Automatic Speech Recognition (ASR) is the task of converting a continuous acoustic signal into a sequence of words. The dominant framework for ASR, established in the 1970s at IBM and refined over decades, applies Bayes' theorem to decompose the problem into two components: an acoustic model P(O|W) that scores how well an observation sequence O matches a hypothesized word sequence W, and a language model P(W) that captures the prior probability of the word sequence. The decoder searches over possible word sequences to find the one that maximizes the posterior probability.
The Statistical Framework
= argmax_W P(O|W) · P(W) / P(O)
= argmax_W P(O|W) · P(W)
P(O|W): acoustic model (GMM-HMM or neural network)
P(W): language model (n-gram or neural)
Search: Viterbi beam search over WFST
The acoustic model traditionally pairs Hidden Markov Models (HMMs) with Gaussian Mixture Models (GMMs) to capture the temporal dynamics and spectral variability of speech. Each word is decomposed into a sequence of phonemes, each phoneme modeled by a multi-state HMM, and each state's emission distribution represented as a mixture of Gaussians over acoustic feature vectors such as MFCCs. Context-dependent triphone models account for coarticulation effects, and decision-tree state tying manages the combinatorial explosion of context-dependent states.
From GMM-HMM to Deep Neural Networks
The introduction of deep neural networks (DNNs) to replace GMMs for acoustic modeling, pioneered by Hinton and colleagues in 2012, produced the largest single improvement in ASR accuracy in over a decade. DNN-HMM hybrid systems use a neural network to compute the posterior probability of each HMM state given a window of acoustic features, then convert these posteriors to likelihoods for use in the standard Viterbi decoding framework. Convolutional neural networks (CNNs) and recurrent neural networks (RNNs) further improved performance by exploiting local spectral structure and long-range temporal dependencies respectively.

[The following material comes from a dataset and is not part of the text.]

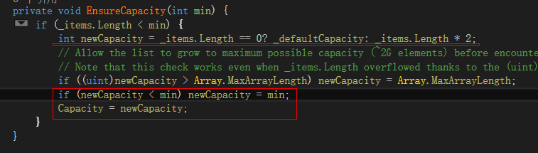 总体描述:List或者ArrayList 在初始时给出4的默认长度,超出后以2倍的方式扩容;超过0X7FEFFFFF后 会以最大值为长度 但是看.Net源码 如果此时max还小于需求长度 会把长度设为 需求长度;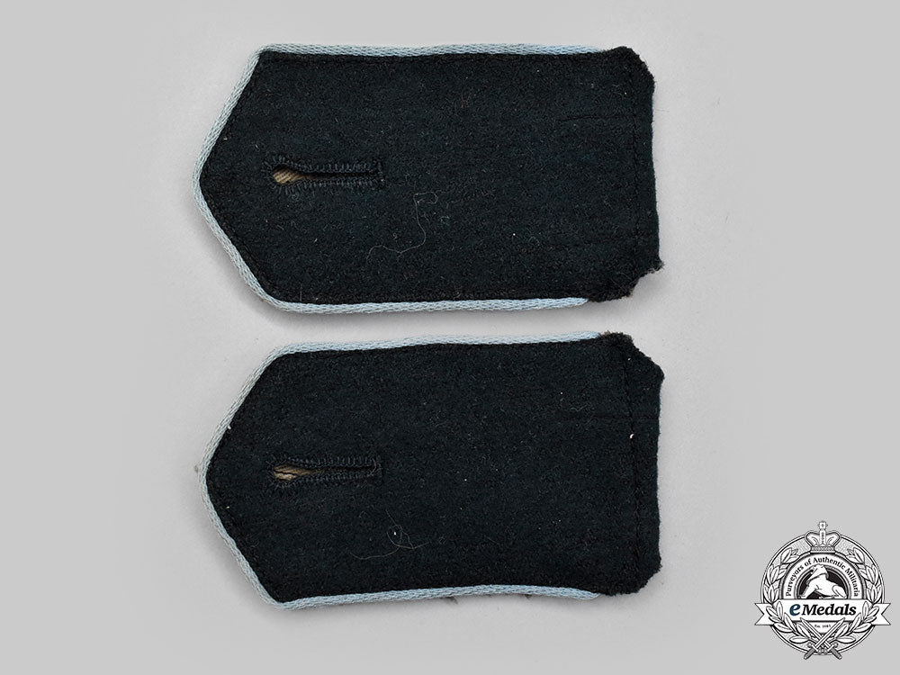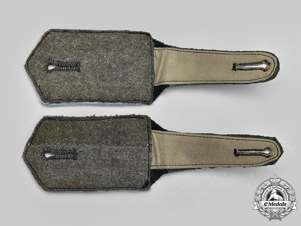(Wehrmacht Schulterklappen für Männer der Russische/Ukrainische Befreiungsarmee). A mint set of Russian/Ukrainian Liberation Army Enlisted personnel shoulder straps, ech constructed of dark green wool and trimmed with light blue piping, the reverse of each with an integral strap bearing a reinforced buttonhole, both unmarked and measuring 55 mm (w) x 100 mm (l), in unissued and near mint condition.

Modern ASR systems compose the acoustic model, pronunciation lexicon, and language model into a single weighted finite-state transducer (WFST). This elegant framework, developed by Mohri, Pereira, and Riley, enables efficient search through determinization, minimization, and weight pushing operations. The WFST approach unifies the search problem and allows optimizations that would be impossible if the components were treated separately, forming the backbone of production ASR systems like Kaldi.
The decoding process explores a vast hypothesis space efficiently using beam search, pruning unlikely hypotheses at each frame. Lattice generation preserves multiple competing hypotheses for downstream reranking or confidence estimation. Word error rate (WER), computed as the edit distance between the hypothesis and reference transcript normalized by reference length, remains the standard evaluation metric, though slot error rate and semantic accuracy metrics are increasingly used for task-oriented applications.
ASR has advanced from isolated word recognition systems of the 1970s to today's systems that approach human parity on clean conversational speech. The transition from GMM-HMM to DNN-HMM hybrids, and subsequently to end-to-end models, represents a fundamental shift in how the field approaches the speech recognition problem, trading explicit modularity for the power of learned representations.